Child-like Dreaming

It seems everywhere I turn I am surrounded by another couple with a new born baby. Today I ate lunch at Cracker Barrel. Next to me was a two year old-curly brown hair-blue eyed girl. She was beautiful. Her baby teeth were coming in and she didn’t know how not to smile. Sitting forward in a high chair made no sense to her. She kept turning around and high fiving me at my table. Who am I to say no to such as request?!

Sitting next to her made me start thinking about how simple yet freeing this child’s outlook on life was. I immediately thought about my six month old nephew and how he sees and interprets life. Children dream big. They live life big. They are completely submissive to their parents because they don’t have the ability to function appropriately to sustain their life, yet in the midst of their dependency they still find time to dream big. I guess it is because they have not learned to view life as scenery – as a simple back-drop while moving from one object to another. They are still immersed in the present, up to their eyes in colors, up to their ears in sounds, with fingertips that ache to touch everything and tongues to lick whatever their arms can hold. Children employ all of their senses. They take in the world and in turn allow themselves to dream big.

In short, children have imaginations. Our Christianized word for this is Revelation.

Maybe this is what Jesus means when he says the Kingdom of God is for children.

Isn’t the church’s job an imaginative one? Aren’t church members and Christ-confessors always attempting to form mental pictures of the self, the neighbor, the world, the future, and to envision new realities that are both engaging and transforming?

So why are children so much better at it than we are?

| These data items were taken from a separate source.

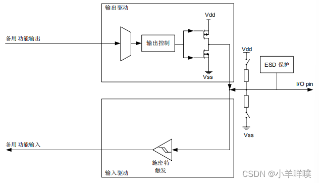 复用开漏输出:可以理解为GPIO口被用作第二功能时的配置情况(即并非作为通用IO口使用)。端口必须配置成复用开漏功能输出模式。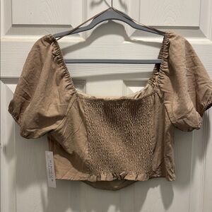 Kirious Los Angeles Tan Smocked Puff Sleeve Crop Top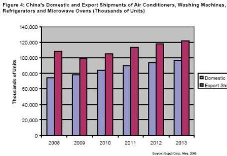 中國的大型國內設備制造商控制著主要家電市場。這些企業正在國內市場推行產品差異化策略,對于出口市場則以成本掛帥。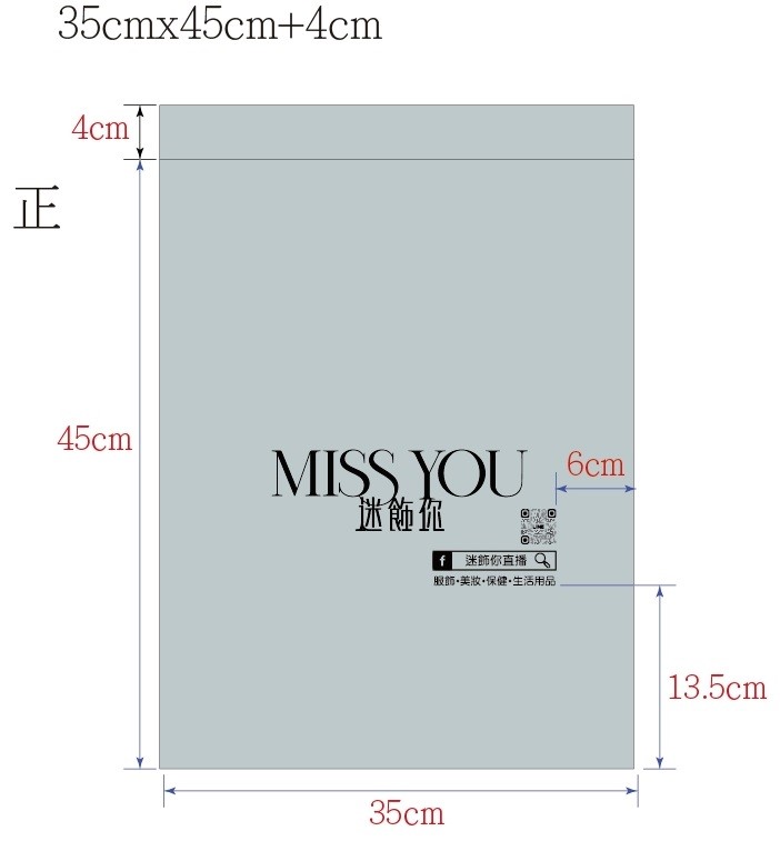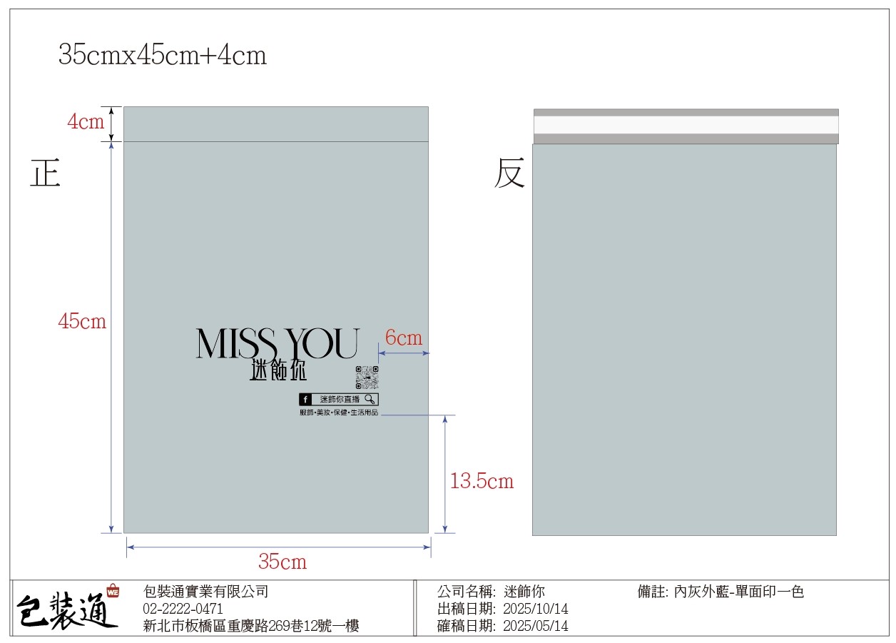 【MISS YOU】尼羅藍內灰外藍印刷一色-寬35x長45+展開4cm,5000只(加稅)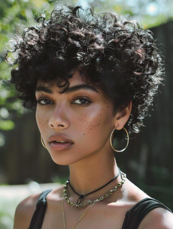Designed with black women in mind, this look celebrates natural tight coils with a cropped finish. The neat edges and controlled volume elevate this style, offering a clean yet trendy aesthetic. It works wonderfully for round face 3c curls, ensuring effortless manageability and style.
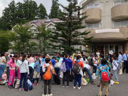 宿舎に到着しました。大雨にふられましたが無事開園式をすませました。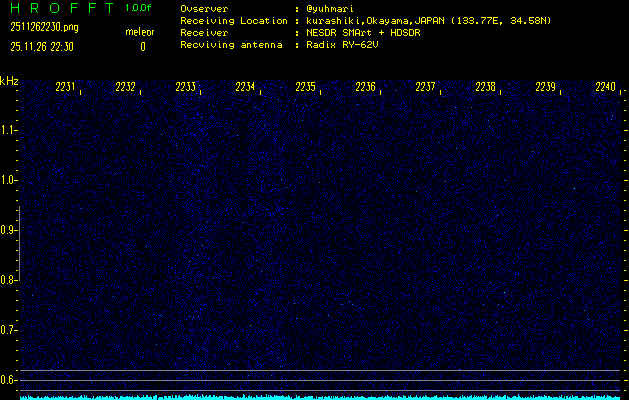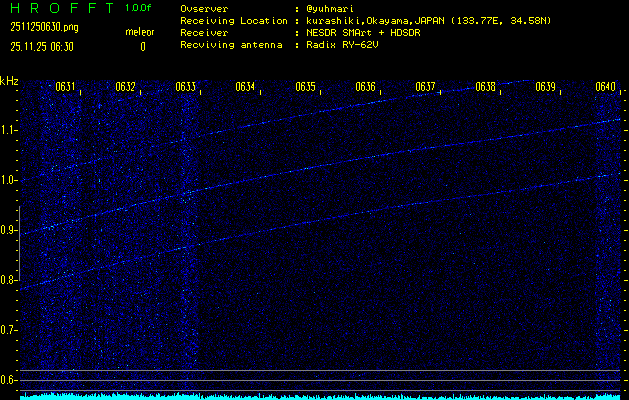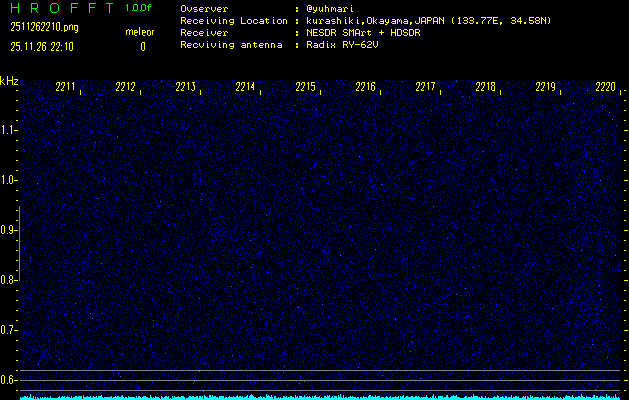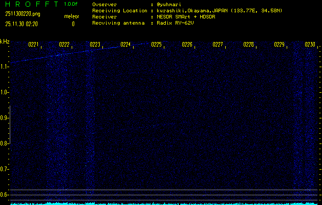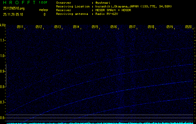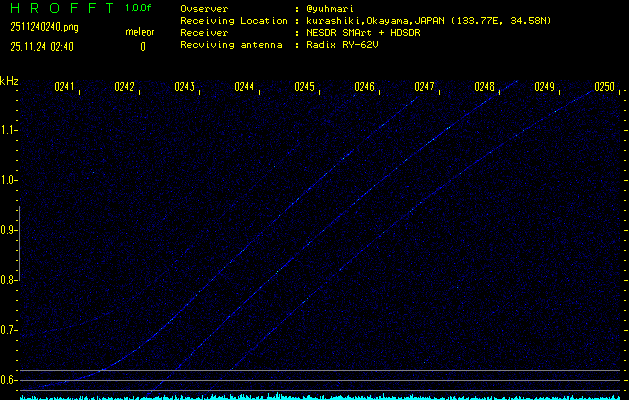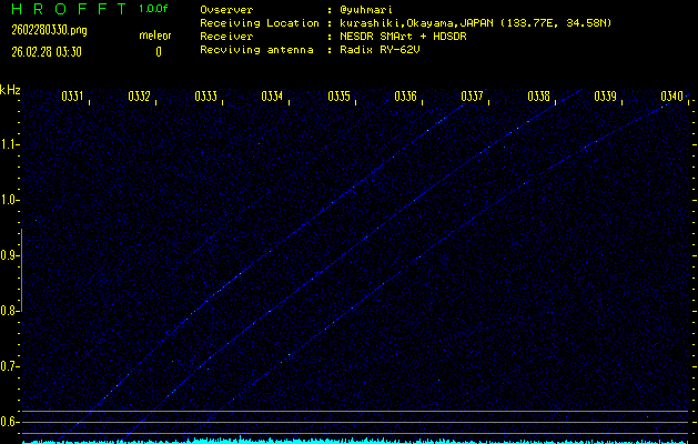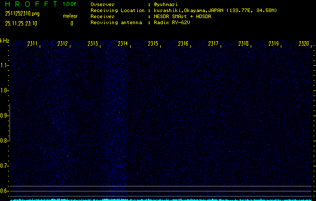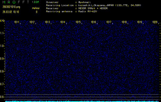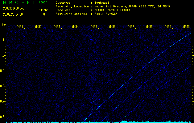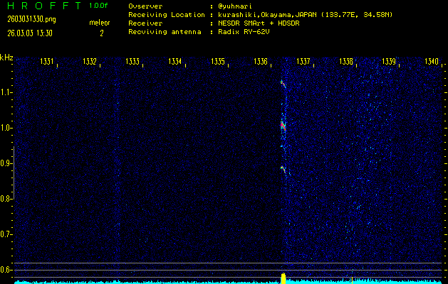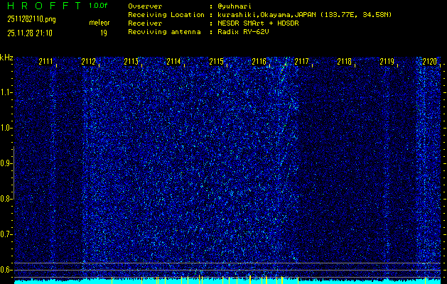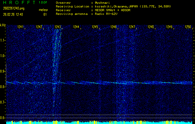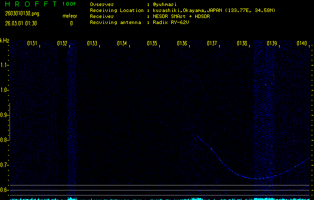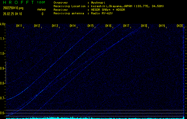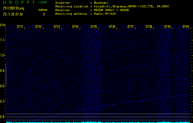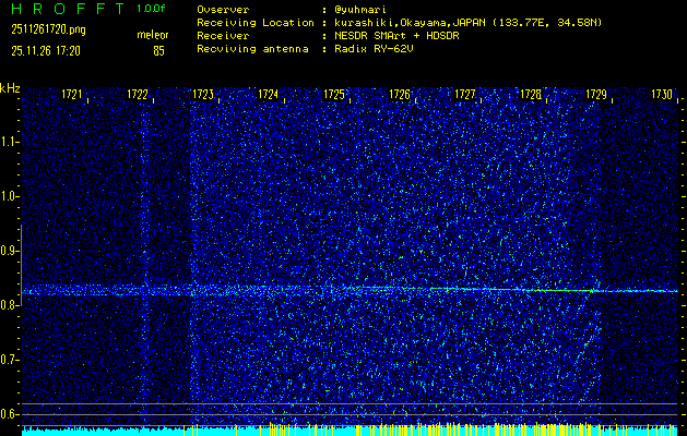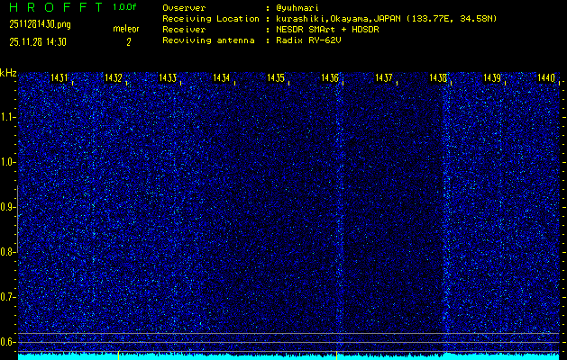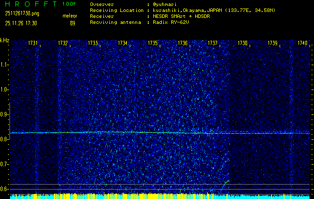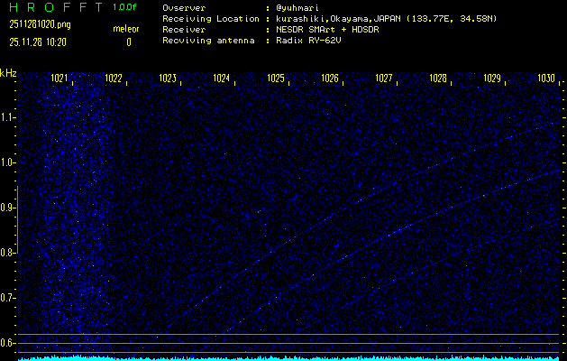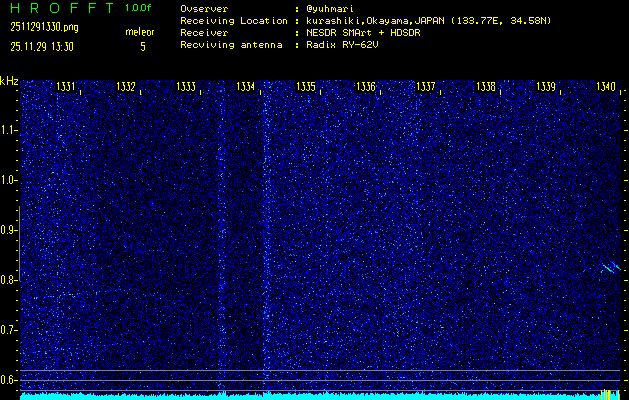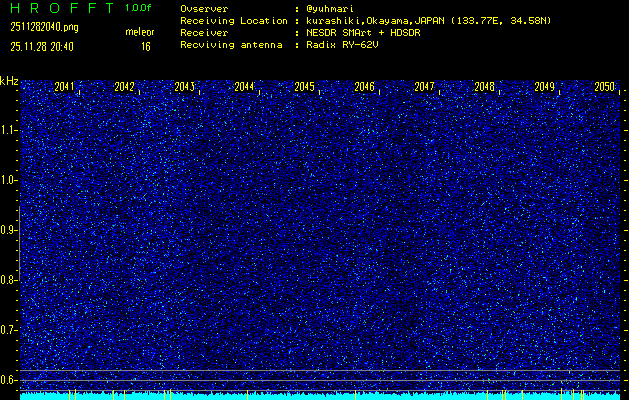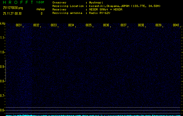 過去のデータは「流星電波観測国際プロジェクト」様サイト内のFRO LIVE in 倉敷(岡山県)でもご覧いただけます。(現在、送信を停止しています)

Have we as adults really been so overwhelmed by reality that it has caused us to lose our imagination or our revelation? Children look at stars and see hole punches in the sky and use combs for finding sea shells in the sand. Children’s imagination not only brings a level of joy and foolishness to their present life but it also demands an action on their part. Children dream big and then explore that dream.

There is something powerful here that we adults seem to miss. Reality, probability, and certainty have no place in the world of imagination. Literally, anything goes. What would the church look like if we allowed ourselves to re-imagine like we did as a child? We might just get a revelation from God.

Barbara Brown Taylor says,
In this imaginative act, we are grasped whole. Revelation is not a matter of thinking or feeling, intuiting or sensing, working on the left side of the brain or the right. It is a shocking gift of new insight that obliterates such distinctions, grabbing us by our labels and turning us around, so that when we are set back down again we see everything from a new angle.
We would reason differently, feel differently, and act differently. Imagination does more than affect us; it effects change in our lives. I implore you to never lose your child-like faith. It is what reveals a world of God’s love to you and allows you to play in that world with God.

Comments

Anonymous said…
JBO - a wonderful word for a world too caught in fear. If only we could trust that ABBA is there and we have nothing to fear. We are in His care and His grace is free. That could free us indeed!